Fans have speculated for ages that Roger Clemens was suffering 'roid rage when he threw that bat against Mike Piazza in the 2000 World Series. But now Clemens is not the only person in that rivalry accused of using performance-enhancing drugs.
In his new book about Clemens, "The Rocket That Fell To Earth", which comes out today, Jeff Pearlman writes that:
"According to several sources, when the subject of performance enhancing was broached with reporters he especially trusted, Piazza fessed up.Pearlman, who writes about Piazza in the book's chapter on the 2000 World Series, continues:
"Sure, I use," he told one. "But in limited doses, and not all that often." (Piazza has denied using performance-enhancing drugs, but there has always been speculation.)"
"Whether or not it was Piazza's intent, the tactic was brilliant: By letting the media know, off the record, Piazza made the information that much harder to report. Writers saw his bulging muscles, his acne-covered back. They certainly heard the under-the-breath comments from other major league players, some who considered Piazza's success to be 100 percent chemically delivered."Former Boston Red Sox first baseman Reggie Jefferson tells Pearlman, "He's a guy who did it, and everybody knows it.

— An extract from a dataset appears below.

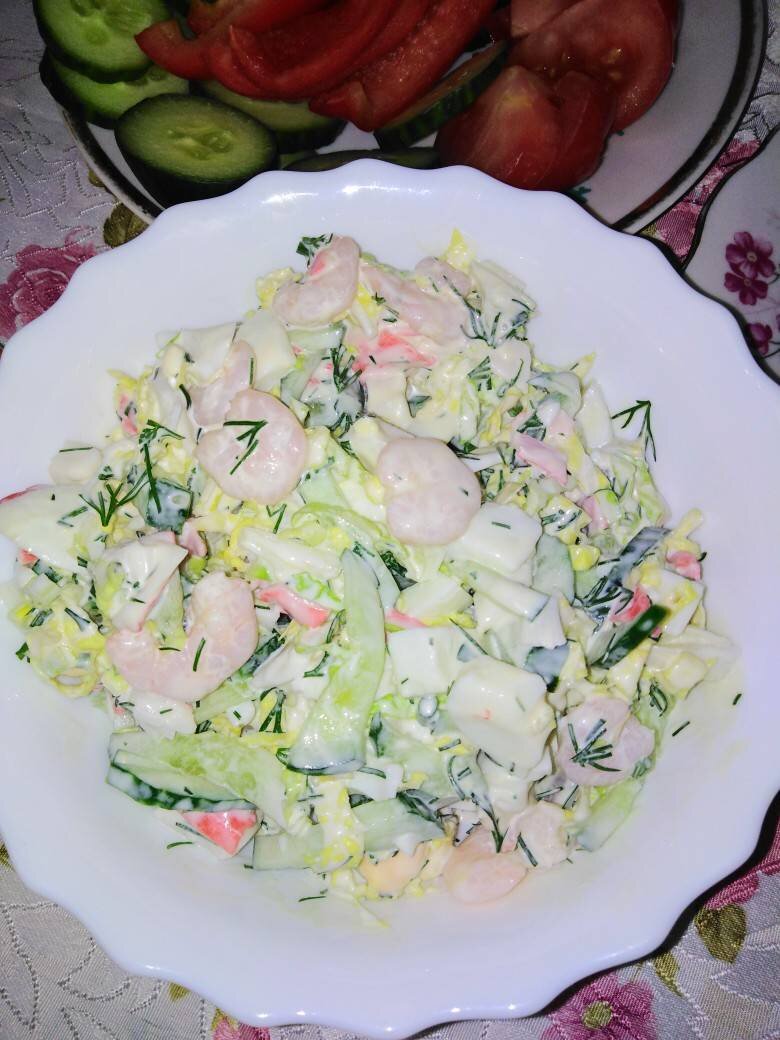 Ингредиенты: варёных яиц, крабового мяса, креветки в рассоле, пекинской капусты, свежий огурец, укропа, майонез или сметана + фр. горчица для заправки

It's amazing how all these names, like Roger Clemens, are brought up, yet Mike Piazza goes untouched."
Another veteran player agreed, saying, "There was nothing more obvious than Mike on steroids."

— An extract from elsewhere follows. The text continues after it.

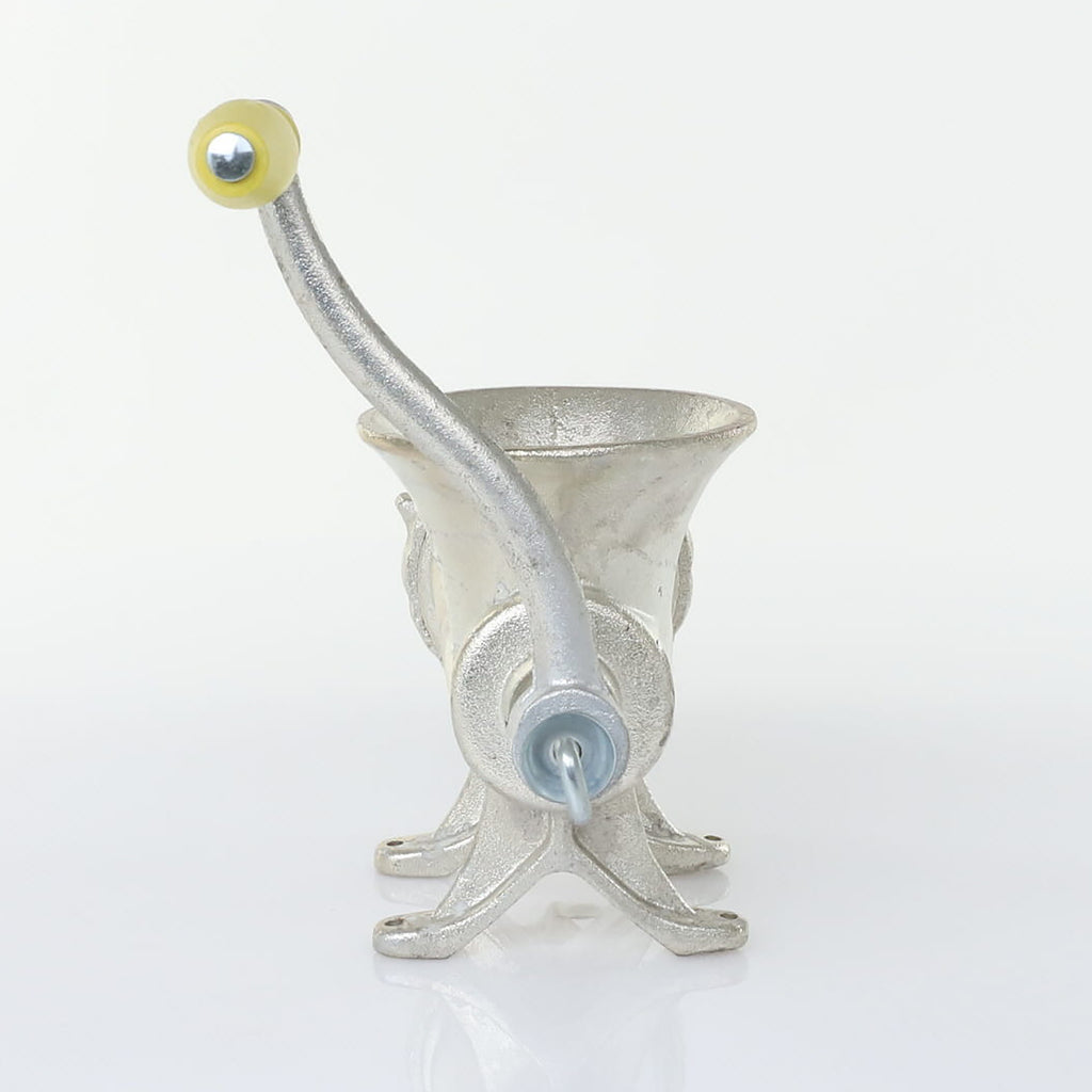 Simple and easy to use, this cast iron, Adcraft Manual Meat Grinder is designed to insure quality and durability while saving you cost. No electricity needed as you simply place the pieces of meat into the grinder and turn the hand crank. The heavy duty body and Stainless Steel blades make grinding all kinds of meat easy and quick. This sleek unit is tin-plated to make it sanitary and attractive, and comes complete with knife and 3/16 " plate. The fully enclosed blades and stable body design enhance safety, making meat-grinding smooth and worry-free. Minimal upkeep and ease-of-use make this Adcraft Manual Meat Grinder the perfect kitchen helper for all occasions.

According to Pearlman, when that player is asked what are the odds, on a scale of 1 to 10, that Piazza had used PEDs, the player replies:
"A 12," he says. "Maybe even a 13."Yikes!
You can read more details in Pearlman's book, "The Rocket That Fell To Earth," a book I highly recommend. It is a balanced biography of Clemens. I will do a full-scale review of the book later this week.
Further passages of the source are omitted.